13. The ortho-mode transducer of claim 1, wherein the second surface comprises a second flange.
14. The ortho-mode transducer of claim 1, wherein the third surface comprises a third flange.
16. The method of fabricating an ortho-mode transducer of claim 15, further comprising forming a blank approximating the shape of the ortho-mode transducer prior to machining operations.
17. An ortho-mode transducer produced by the method of claim 15.
19. The ortho-mode transducer of claim 18, wherein the common waveguide, the vertical branching waveguide, and the horizontal branching waveguide are all symmetrical about a common symmetry plane.
20. The ortho-mode transducer of claim 19, wherein an axis of the vertical branching waveguide and an axis of the horizontal branching waveguide are parallel.

This patent claims benefit of the filing date of provisional patent application Ser. No. 60/781,232, filed Mar. 10, 2006, which is incorporated herein by reference.

A portion of the disclosure of this patent document contains material which is subject to copyright protection. This patent document may show and/or describe matter which is or may become trade dress of the owner. The copyright and trade dress owner has no objection to the facsimile reproduction by anyone of the patent disclosure as it appears in the Patent and Trademark Office patent files or records, but otherwise reserves all copyright and trade dress rights whatsoever.

1. Field

This disclosure relates to waveguide devices that support two orthogonal modes. Specifically, this disclosure relates to ortho-mode transducers.

2. Description of the Related Art

An ortho-mode transducer (OMT) is a three-port waveguide device having a common waveguide coupled to two branching waveguides. Within this description, the term “port” refers generally to an interface between devices or between a device and free space. A port may include an interfacial surface, an aperture in the interfacial surface to allow microwave radiation to enter or exit a device, and provisions to mount or attach an adjacent device.

The common waveguide of an OMT typically supports two orthogonal linearly polarized modes. Within this document, the terms “support” and “supporting” mean that a waveguide will allow propagation of a mode with little or no loss. The common waveguide terminates at a common port aperture. The common port aperture is defined by the intersection of the common waveguide and an exterior surface of the OMT.

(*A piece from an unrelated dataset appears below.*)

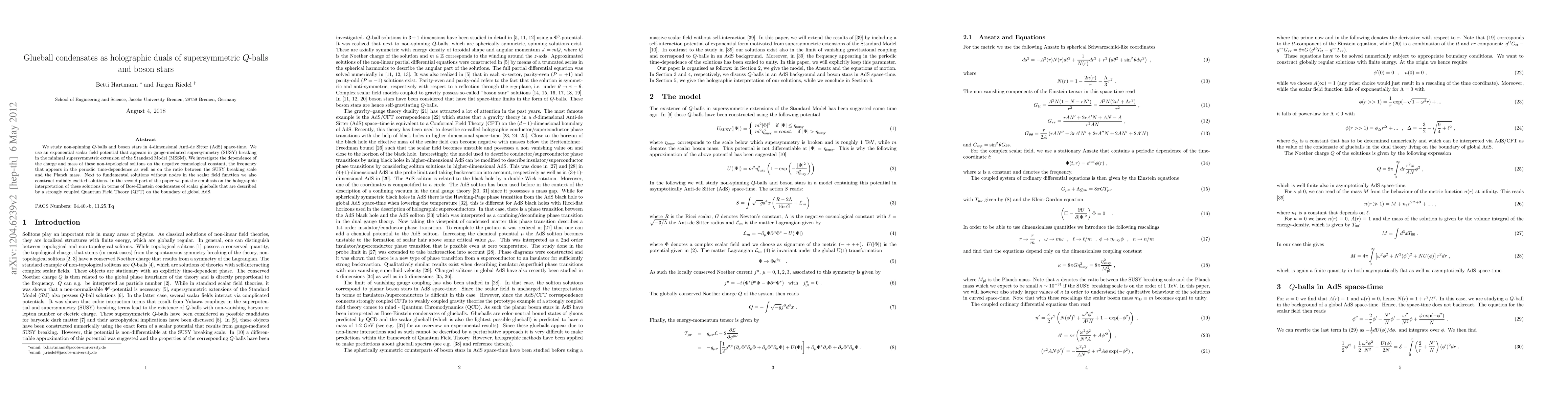 This research explores non-spinning Q-balls and boson stars in 4D AdS space using a supersymmetry-breaking potential. It examines the impact of the cosmological constant, frequency, and SUSY breaking scale on Q-ball and boson star properties. The study also constructs radially excited solutions and interprets these holographically as Bose-Einstein condensates of scalar glueballs, described by a strongly coupled QFT on the AdS boundary.

Each of the two branching waveguides of an OMT typically support only a single linearly polarized mode. The mode supported by the first branching waveguides is orthogonal to the mode supported by the second branching waveguide. In a typical OMT, a first branching waveguide is axially aligned with the common waveguide. A second branching waveguide is typically normal to the common waveguide. Within this document, the term “orthogonal” will be reserved to describe the polarization direction of modes, and “normal” will be used to describe geometrically perpendicular structures.

The branching waveguide that is axially aligned with the common waveguide terminates at what is commonly called the vertical port. The linearly polarized mode supported by the vertical port is commonly called the vertical mode. The branching waveguide which is normal to the common waveguide is terminated at what is commonly called the horizontal port. The branching waveguide that terminates at the horizontal port also supports only a single polarized mode commonly called the horizontal mode.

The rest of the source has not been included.